I then sat on the coffee table, facing my dad on the couch.
You are my father, and I love and honor you. I moved to Maryland to be closer to you.
I know that as a child, I was often difficult to understand. I know that as a child, I was difficult to reach, because I shut you out. I am sorry for this, and ask your forgiveness. You see, for some reason I decided when I was about 4 or 5 that you did not like me. I then defensively decided that I didnt like you first, and built up emotional walls to maintain a safe distance. Safe, because my perception that you did not like me hurt me terribly and by stonewalling you, I could prevent myself from being hurt again. I desperately needed your love and approval, but did not know how to ask for it. As a hyper-sensitive child, I felt different from most boys. I did not understand what this difference meant, and I did not understand how to incorporate this difference into my development into a man.
Dad, I love you and I dont want to cause you pain or heartbreak. Indeed, I really didnt want to tell you this, but two people have influenced me to do so, my counselor, who says it would be very helpful to my healing, and a friend, who said that by not telling you, I would be denying you an opportunity to father me. I have done that too often. In my search for healing, I have heard some stories of absolutely horrific fathers, and I am blessed to have a loving, Godly man, whom I can admire, love and respect as my father.
Im sure you know what I am going to tell you, Im sure you knew 20 years ago when that crazy lady called the house late one night.

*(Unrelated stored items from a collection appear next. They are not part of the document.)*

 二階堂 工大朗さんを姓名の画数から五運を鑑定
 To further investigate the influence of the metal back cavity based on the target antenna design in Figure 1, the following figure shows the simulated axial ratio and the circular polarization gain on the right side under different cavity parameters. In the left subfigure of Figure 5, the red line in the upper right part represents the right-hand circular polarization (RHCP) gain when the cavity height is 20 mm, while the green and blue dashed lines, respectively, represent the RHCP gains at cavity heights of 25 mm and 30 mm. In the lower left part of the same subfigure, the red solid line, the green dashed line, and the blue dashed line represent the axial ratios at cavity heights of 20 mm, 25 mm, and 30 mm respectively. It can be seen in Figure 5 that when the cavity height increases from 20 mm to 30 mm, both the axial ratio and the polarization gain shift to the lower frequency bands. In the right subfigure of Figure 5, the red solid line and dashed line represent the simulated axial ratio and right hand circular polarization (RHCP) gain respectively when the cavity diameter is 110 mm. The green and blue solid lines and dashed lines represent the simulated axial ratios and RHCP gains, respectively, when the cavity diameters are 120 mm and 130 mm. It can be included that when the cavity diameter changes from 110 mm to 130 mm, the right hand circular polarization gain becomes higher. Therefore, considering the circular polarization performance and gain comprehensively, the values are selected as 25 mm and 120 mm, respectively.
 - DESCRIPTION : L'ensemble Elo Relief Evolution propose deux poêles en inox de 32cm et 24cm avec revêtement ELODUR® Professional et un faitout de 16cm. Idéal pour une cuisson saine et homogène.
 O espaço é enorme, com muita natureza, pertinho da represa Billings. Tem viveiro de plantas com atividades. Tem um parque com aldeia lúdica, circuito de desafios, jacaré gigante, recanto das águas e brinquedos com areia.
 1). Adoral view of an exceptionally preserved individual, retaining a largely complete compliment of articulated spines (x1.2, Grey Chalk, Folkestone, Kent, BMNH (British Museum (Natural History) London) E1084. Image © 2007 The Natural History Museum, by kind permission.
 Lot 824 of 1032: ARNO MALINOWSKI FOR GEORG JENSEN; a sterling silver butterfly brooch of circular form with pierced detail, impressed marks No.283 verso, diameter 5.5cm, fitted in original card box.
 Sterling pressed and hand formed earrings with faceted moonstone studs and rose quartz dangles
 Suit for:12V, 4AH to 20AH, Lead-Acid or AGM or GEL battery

I struggle with same sex attraction, sometimes victoriously, sometimes in miserable failure. Several friends warned me to be prepared for a negative or unsupportive response from you. I told them that I had no doubt as to your response, that my father would love and support me in my search for healing in any way that he could, that my father would love and accept me. I know I can be sure of Gods love and, Dad, I know I can be sure of your love.

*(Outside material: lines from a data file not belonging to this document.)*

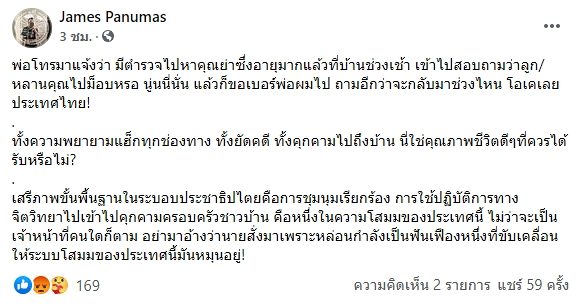 เจมส์ ภานุมาศ เผยตำรวจบุกบ้าน ถามหาหลานกับย่า แฉอีก พยายามแฮ็กทุกช่องทาง ถามนี่ใช่คุณภาพชีวิตดี ๆ ที่ควรได้หรือไม่ ลั่น อย่าอ้างนายสั่ง
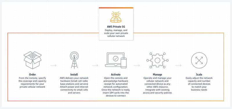 O cliente só precisa fornecer a localização, a capacidade de rede necessária e o número de dispositivos conectados, e a AWS fornecerá todos os equipamentos necessários, incluindo rádios, servidores, núcleo 5G e software de rede de acesso por rádio e cartões SIM. Uma vez implantado, o serviço pode automatizar totalmente o dimensionamento da capacidade para oferecer suporte a dispositivos adicionais e tráfego de rede.
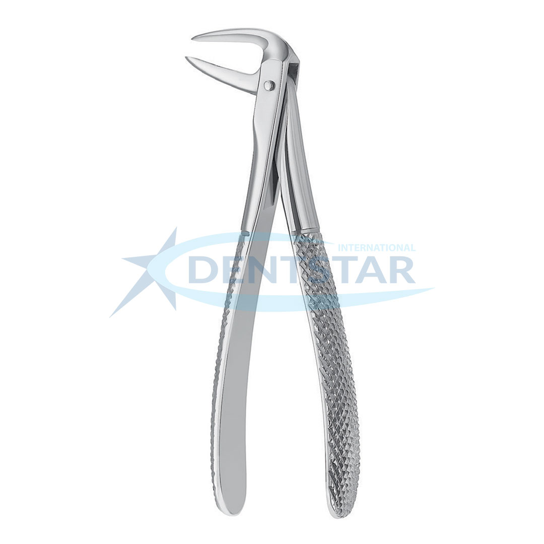 Extracting Forceps English Pattern Fig. 233 is a staple in mandibular oral surgery. Its unique geometry—part of the Hawk’s Bill family—is specifically optimized for the retrieval of lower root tips. Unlike standard molar forceps, the beaks of the Fig. 233 are designed to remain parallel at the tip, ensuring maximum surface contact with the root even under heavy pressure. At Dentstar International, we hand-finish every instrument in Sialkot to ensure the hinge tension and beak alignment meet the highest surgical standards.
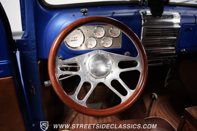 The brown leather interior showcases power heated and cooled High Country Chevrolet pickup seats, providing superior comfort and support. A custom-built wooden center console houses modern entertainment through an Omaha stereo with Bluetooth capability. The dash features Dolphin gauges in a billet cluster, while custom door panels complement the overall design. Power steering and air conditioning bring modern convenience, with controls integrated cleanly into the lower dash. A tilt column topped with a custom steering wheel puts control at your fingertips.
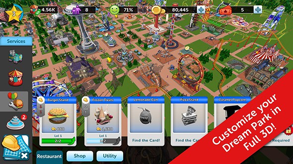 《過山車大亨觸摸版》是由Atari出品的一款策略經營游戲。在游戲中玩家將作為一名過山車主題公園的老板,游戲中將會給予玩家一塊土地,玩家需要在上面將自己的樂園建立起來,從娛樂設施,到周邊的商店,甚至是風景裝飾都將由玩家一手打造,游戲中一共有超過100個不同的設置提供給玩家。而對于這個樂園來說,最重要的莫過于就是巨大刺激的過山車了,而在游戲里玩家通過編輯器可以親自打造過山車的軌道,軌道的材質也是由木制、鐵制和鋼制等等不同的選擇。除了建造之外,公園的日常管理和維護也是十分重要的,玩家可以在管理界面中查看一切信息,讓自己的公園運營的更好。
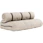 In drie eenvoudige stappen kun je de functie van de bank veranderen: klap de zitting uit, maak de gespen van de opgerolde rugleuning los en stapel de matrassen op elkaar om een luxueus dik bed te creëren dat de hele nacht comfort biedt. Dankzij de royale breedte en dikte van de futon is de ervaring zowel ondersteunend als uitnodigend.
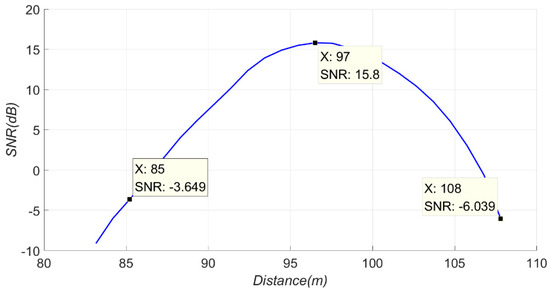 The approximate SNRs from 84 m to 108 m are shown in Figure 24. The signal at 97 m was closest to the vibration source, so it had a high SNR. The signal at 85 m or 108 m was far from the vibration source, so it had a low SNR.
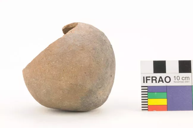Pieza de forma triangular, algo irregular, elaborada sobre un guijarro de basalto de color gris oscuro, mediante talla bifacial. Conserva parte del cortex del guijarro.
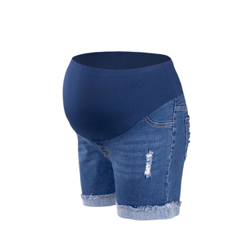 European And American Fashion Belly Supporting Pregnant Women Simple Ripped Denim Shorts
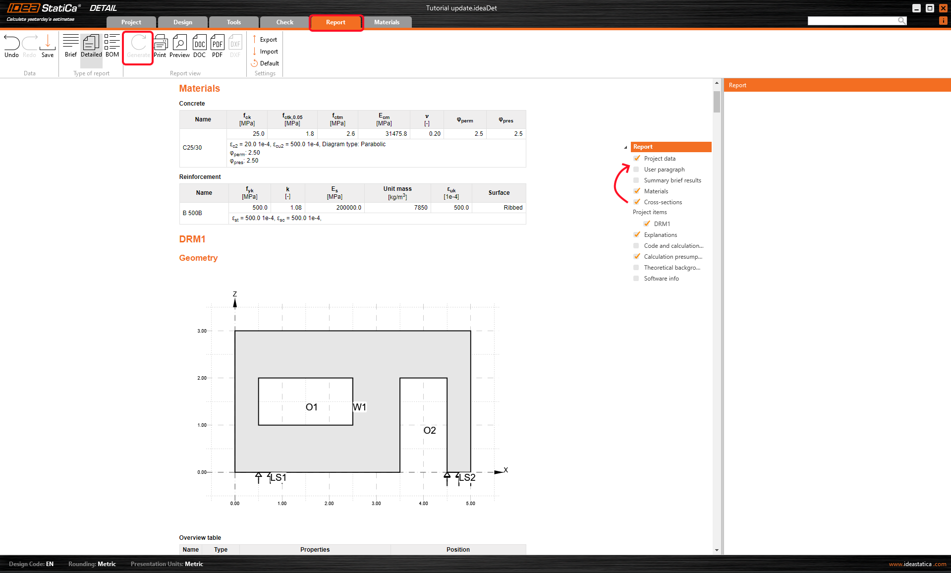At last, go to the Report Preview/Print. IDEA StatiCa offers a fully customizable report to print out or save in an editable format. By dragging the lines in the tree of entities, you can reorganize the structure of your report.
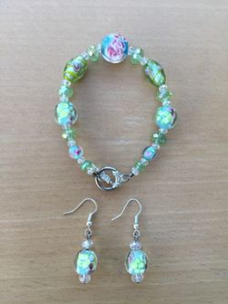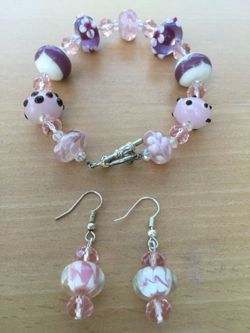 Lamp Work Pink Mix Flowers Bracelet Earrings Set$15San Jose, CA
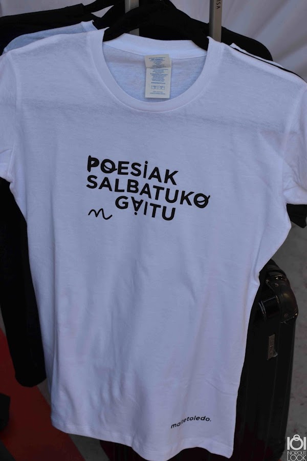Para los días más casuales, tiene camisetas unisex en blanco y negro con su logo y con un precioso mensaje en Euskera que significa: La poesía nos salvará.

Dad, I would like you to join me in talking with my counselor sometime. He will be in Pittsburg the week of March 15th, and I intend to see him, I would like it very much if you could join me. Ive ordered a book that I ask you to read as well.
Dad, I love you so much, and I am so glad you are my father. I want to be closer to you. I want to spend time with you. Maybe we would work at the stables together on Sunday mornings, followed by breakfast.
Your loving son,
After reading the letter, my dad took me in his arms, I cried a bit while he held me, he told me that his love was unconditional, and unconditional meant just that. I stayed in his arms for several minutes, basking in his love and support and acceptance. After that, I hugged my mom for awhile, and explained that I just needed to spend extra time alone with my dad right now, and she is okay with that. Of course, she cried her eyes out to know that her son has carried this pain, and I told her not to worry, that the journey would be all downhill from here. (I know that may not be exactly true, but who wants their mom to worry about them?)
Thank you, my friends, for your support and encouragement in my journey. I feel more emotionally complete, whole and content than I can ever remember feeling, and your support has helped me achieve that.